Records from a dataset
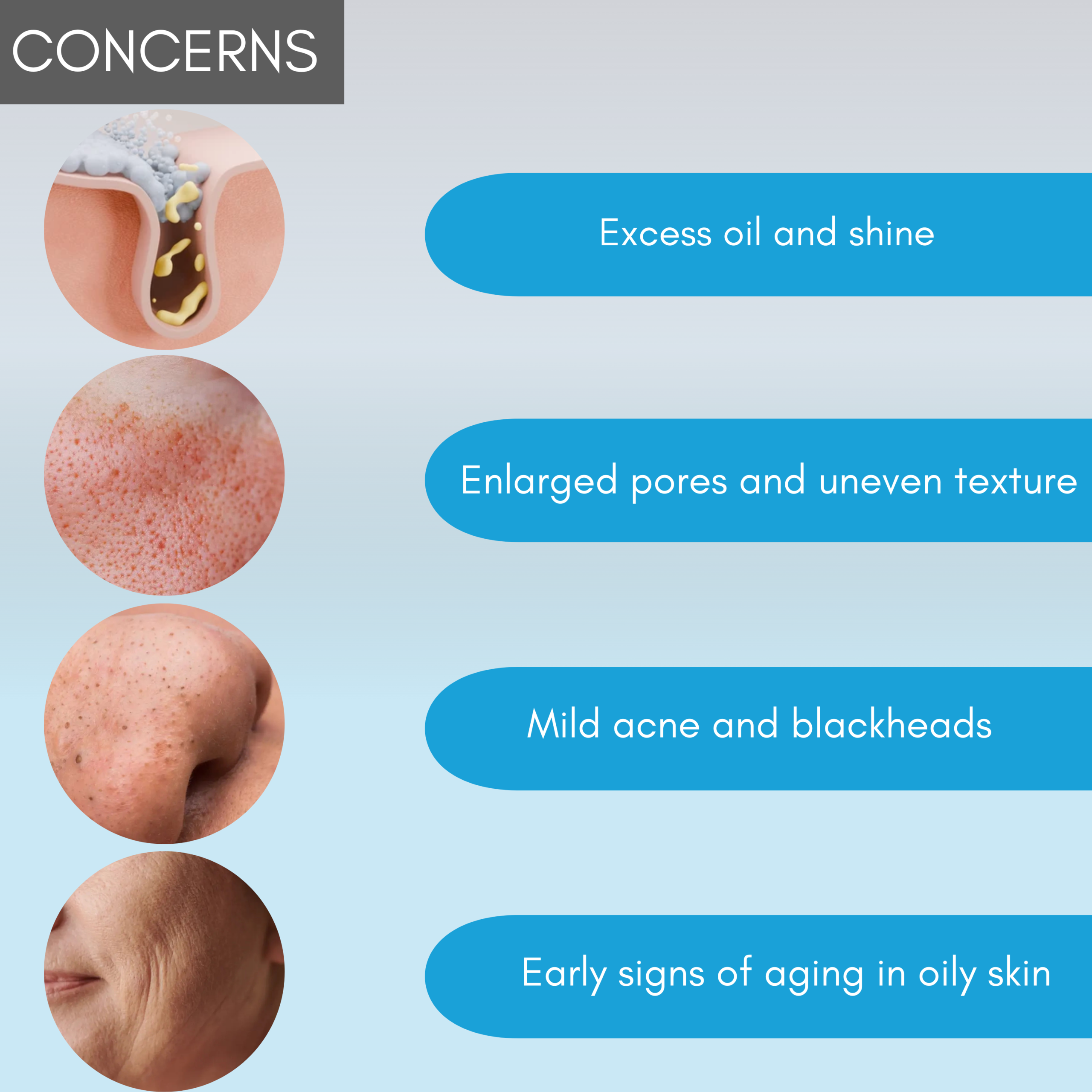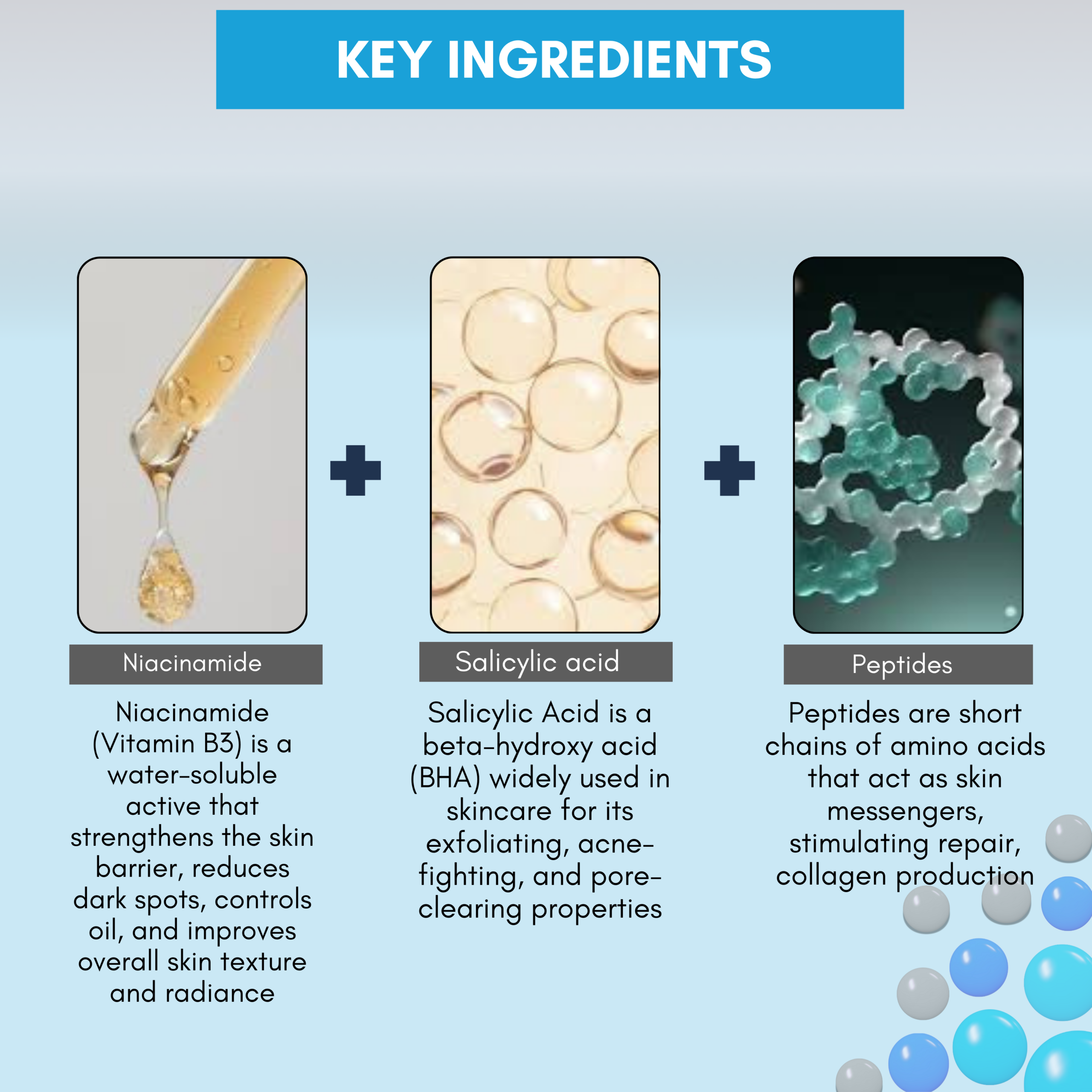 Aqua, Niacinamide, Salicylic Acid (Lower Concentration), Mattifying Agents (Natural Silica / Clays), Peptides, Glycerin, Herbal Extracts, Emollients, Xanthan Gum, Natural Preservatives, Fragrance.
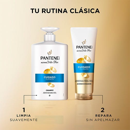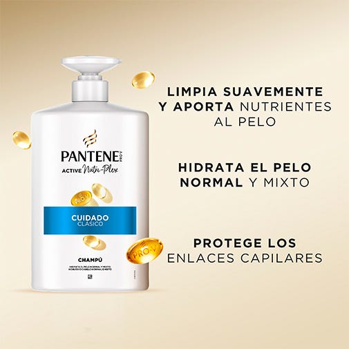 Descubre el champú Pantene Classic Clean, tu mejor aliado para nutrir y proteger tu pelo. Nuestra fórmula suave, con PRO-V y la innovadora tecnología ACTIVE NUTRI-PLEX, limpia tu pelo y le aporta nutrientes esenciales. Combínalo con nuestro acondicionador para conseguir una nutrición equilibrada en pelo normal y mixto. Testado por el Instituto Vitamínico Suizo. Experimenta lo último en cuidado capilar con el champú Pantene Pro-V Active Nutri-Plex Classic Clean.
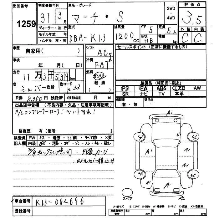 NISSAN MARCH 2019 г., лот № 1259
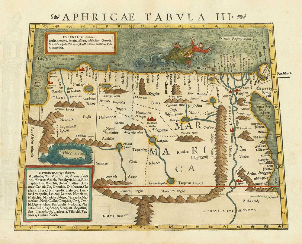 Cette merveilleuse ancienne carte de l'Afrique du Nord a été publiée pour la première fois en 1545. Elle a été créée par Sebastian Munster.
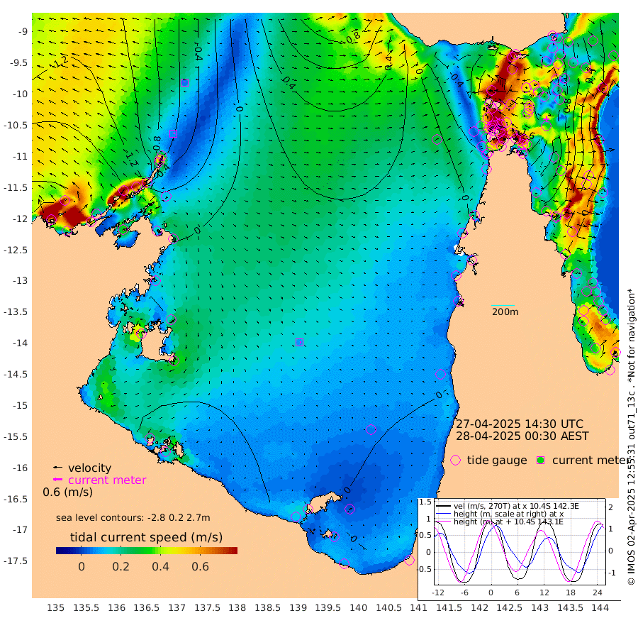 7cm/s 55T +3cm/s rms + 7cm/s -42T. ARA-GOC87 57m 9cm/s 111T +3cm/s rms + 2cm/s -2T. ARA-GOC87 60m 6cm/s 5T +2cm/s rms + 3cm/s 61T. ARA-GOC87 47m 117cm Daru 106cm Bobo Island 21cm Meer Island Barge 42cm Bramble Cay 86cm Unnamed Cay 81cm Pearce Cay 70cm Stephens Island 78cm Merrie England Shoals 111cm Mutacomal Reef 67cm Darnley Island Barge 18cm East Cay 94cm Yorke Island Barge 92cm Rennel Island 101cm Aureed Island 116cm Dungeness Reef 148cm Zagai Island 137cm Yam Island 127cm Dauan Island 129cm Saibai Island 140cm Phipi Reef 146cm Warrior Reef - West 100cm Mabuiag Island Barge 91cm Half Way Island 125cm Coconut Island 107cm Dugong Islet 128cm Poll Island 125cm Kirkcaldie Reef 152cm Suarji Island 133cm Sue Islet 4cm Hawkesbury Island 129cm Alert Patches 129cm Twin Island 35cm Badu Island 141cm St Pauls (Moa Island) 46cm Kubin (Moa Island) 103cm Ince Point 85cm Thursday Island 91cm Nardana Patches 55cm Turtle Head 45cm Round Island 5cm Goods Island -16cm Booby Island -13cm White Rocks Area 4cm Carpentaria 115cm Papou Point 19cm Bampfield Head -13cm Crab Island -12cm Red Wallis Island 28cm Packe Island 124cm Harrington Reef 17cm Herald Camp 52cm Sharp Point 40cm Red Island Point 100cm Possession Island 124cm Alpha Rock 127cm Frederick Point 120cm Wyborn Reef Light 126cm Tetley Island 34cm Triangle Reef 112cm Turtle Head Island 23cm Maclennan Cay -6cm Raine Island 79cm Mcsweeny Reef 68cm Collette Reef 29cm Shadwell Reef 70cm Hannibal Island 39cm Round Point -16cm Vrilya Point 36cm Cape Grenville 28cm Hicks Island 27cm Sir Charles Hardy Island 12cm Harvey Island 14cm Kay Reef 3cm Rocky Island -8cm Chapman Island -7cm Ham Reef 1cm Jubilee Reef 7cm Night Island -7cm Unnamed Reef No. 3 0cm Morris Island 3cm 1st 3 Mile Opening 2cm Creech Reef -4cm Fife Island -13cm Eden Reef -1cm Stanley Island -8cm Normanby River -164cm Yabooma Island -163cm Hutchison River -156cm Elcho Island -158cm North West Crocodile Island -68cm Cape Wessel -119cm Stevens Island -17cm Guluwuru Island -119cm Hopeful Bay -85cm Auster Point -95cm Two Island Bay -120cm Cadell Strait 64cm Mallison Island -27cm Melville Bay (Gove Harbour) -24cm Truant Island -2cm Cape Arnhem 4cm Cape Grey 6cm Hawk Island 9cm Milner Bay (Groote Eylandt) 3cm Cape Beatrice 20cm West Island 28cm Centre Island 20cm Mornington Island 16cm West Wellesley Islands -2cm Bountiful Island -28cm Albert River Mouth -19cm Sweers Island -23cm Karumba 1cm Nassau River Offshore 7cm Christmas Creek -11cm Archer River -2cm Boyd Point -19cm Weipa (Humbug Point) -5cm Pennefather River -11cm Cullen Point

# [Work order]
Exactly as written above, retype the lines starting at the one holding "Descubre el champú" and ending at the one holding "Cette merveilleuse ancienne", both included, but not the pictures.

# [Solution to this exercise]
 Descubre el champú Pantene Classic Clean, tu mejor aliado para nutrir y proteger tu pelo. Nuestra fórmula suave, con PRO-V y la innovadora tecnología ACTIVE NUTRI-PLEX, limpia tu pelo y le aporta nutrientes esenciales. Combínalo con nuestro acondicionador para conseguir una nutrición equilibrada en pelo normal y mixto. Testado por el Instituto Vitamínico Suizo. Experimenta lo último en cuidado capilar con el champú Pantene Pro-V Active Nutri-Plex Classic Clean.
 NISSAN MARCH 2019 г., лот № 1259
 Cette merveilleuse ancienne carte de l'Afrique du Nord a été publiée pour la première fois en 1545. Elle a été créée par Sebastian Munster.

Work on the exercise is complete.